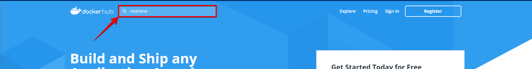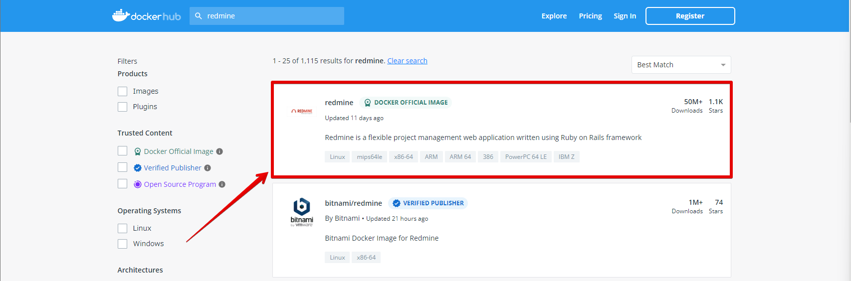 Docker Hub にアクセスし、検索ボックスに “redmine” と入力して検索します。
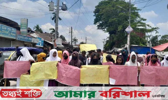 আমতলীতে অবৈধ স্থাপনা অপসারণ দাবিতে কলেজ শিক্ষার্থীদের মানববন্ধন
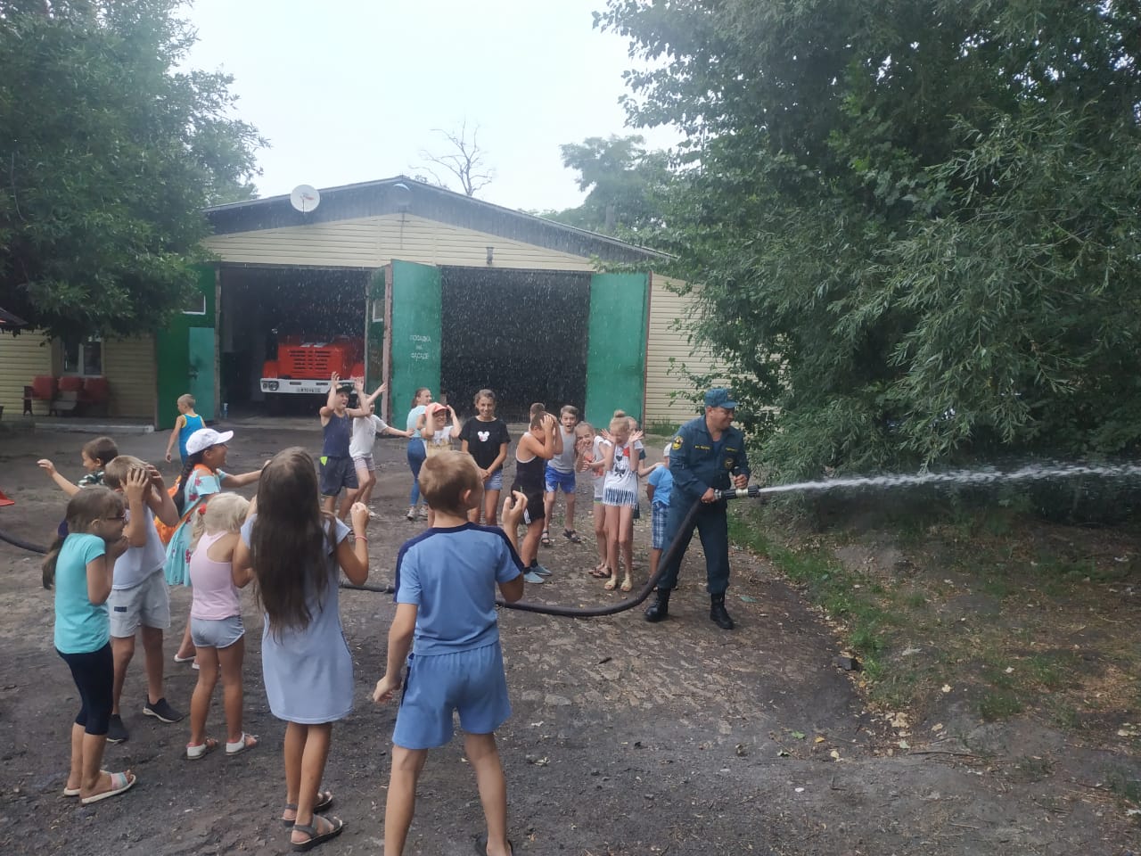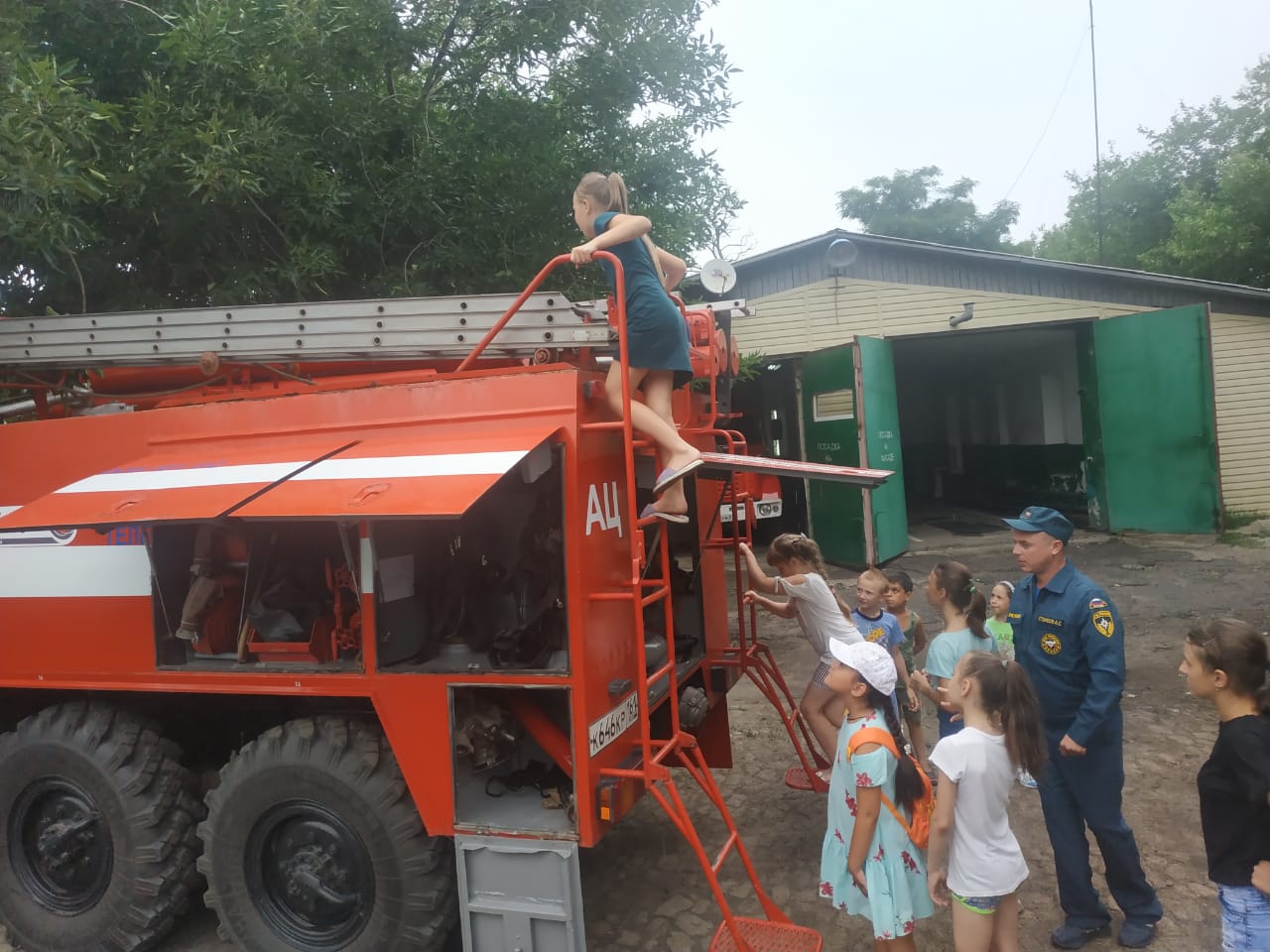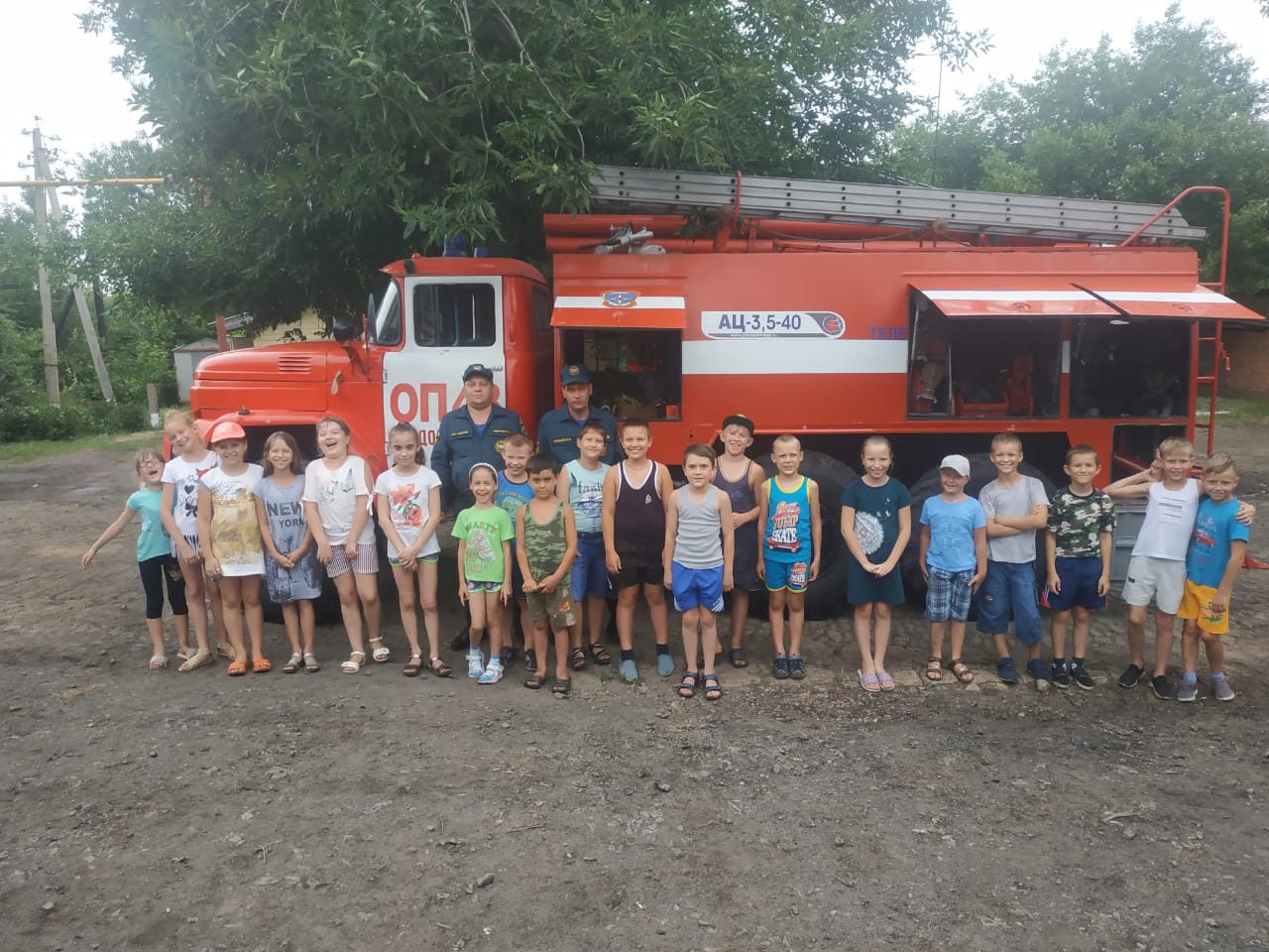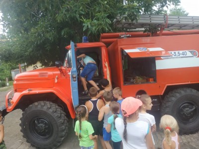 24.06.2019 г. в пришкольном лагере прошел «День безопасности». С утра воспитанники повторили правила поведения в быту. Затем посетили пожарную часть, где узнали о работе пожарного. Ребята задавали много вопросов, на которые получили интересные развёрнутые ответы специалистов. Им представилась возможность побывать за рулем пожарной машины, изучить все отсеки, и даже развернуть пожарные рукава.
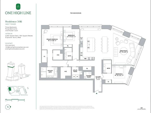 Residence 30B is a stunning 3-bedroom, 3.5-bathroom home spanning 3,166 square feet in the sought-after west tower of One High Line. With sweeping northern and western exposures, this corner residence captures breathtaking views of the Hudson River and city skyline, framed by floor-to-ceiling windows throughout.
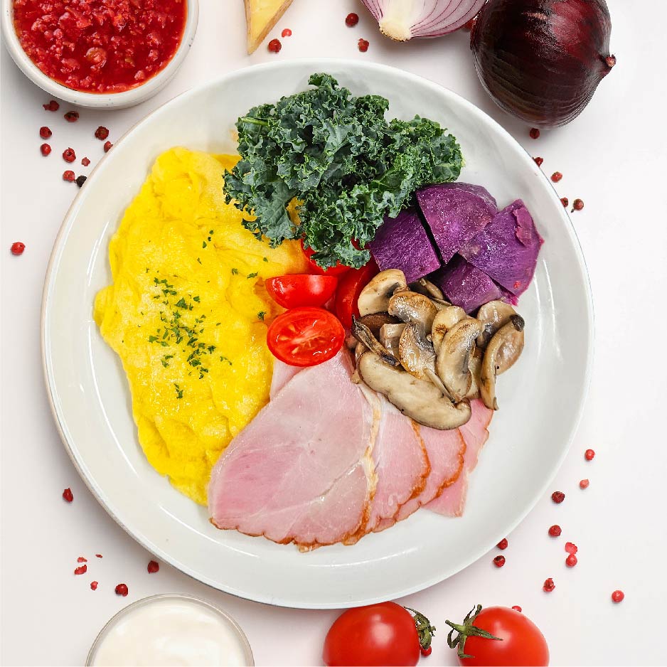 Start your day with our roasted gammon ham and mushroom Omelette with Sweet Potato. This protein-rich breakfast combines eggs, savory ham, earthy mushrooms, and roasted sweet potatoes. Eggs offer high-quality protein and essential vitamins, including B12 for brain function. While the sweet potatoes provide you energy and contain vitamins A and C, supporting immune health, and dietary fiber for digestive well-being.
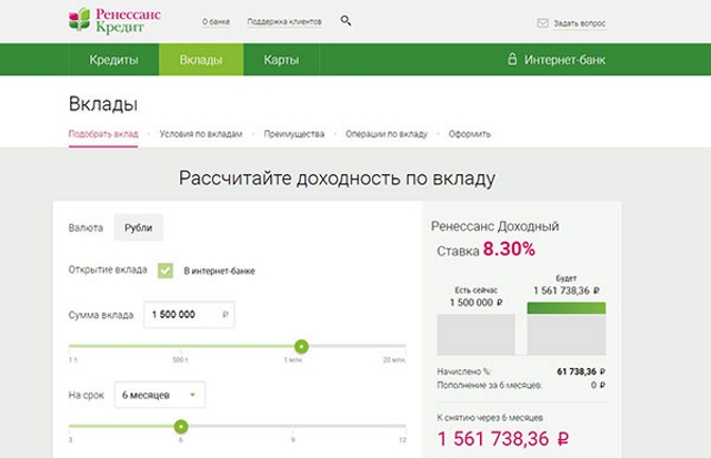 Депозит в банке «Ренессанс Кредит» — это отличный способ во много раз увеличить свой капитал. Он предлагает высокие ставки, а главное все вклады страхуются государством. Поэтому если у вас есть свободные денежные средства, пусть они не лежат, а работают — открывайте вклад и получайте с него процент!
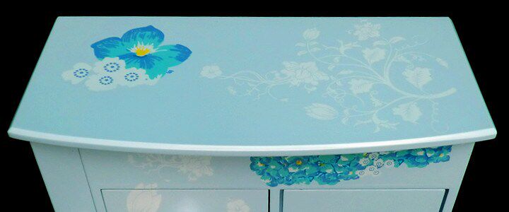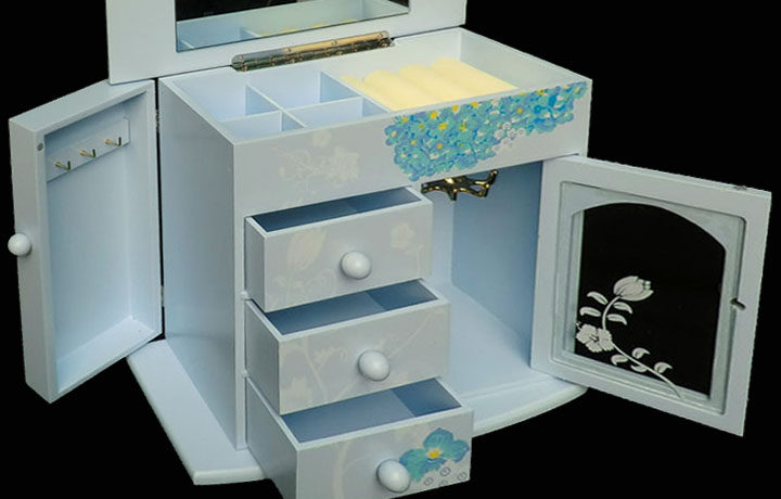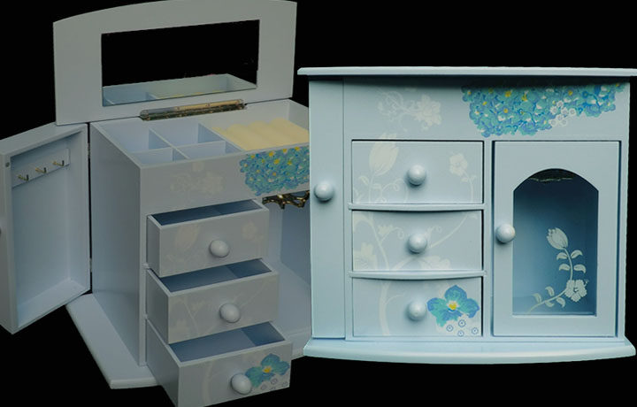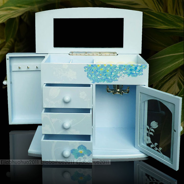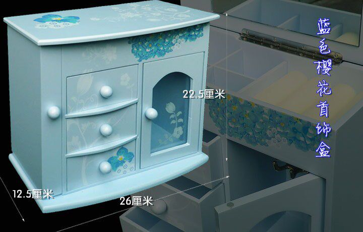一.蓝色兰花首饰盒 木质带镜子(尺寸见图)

◇ ◇ ◇ ◇ ◇

Activity: Everything from the line with "Депозит в банке" through the end of the records is to be repeated exactly. The pictures are not.

Answer for the task:
 Депозит в банке «Ренессанс Кредит» — это отличный способ во много раз увеличить свой капитал. Он предлагает высокие ставки, а главное все вклады страхуются государством. Поэтому если у вас есть свободные денежные средства, пусть они не лежат, а работают — открывайте вклад и получайте с него процент!
一.蓝色兰花首饰盒 木质带镜子(尺寸见图)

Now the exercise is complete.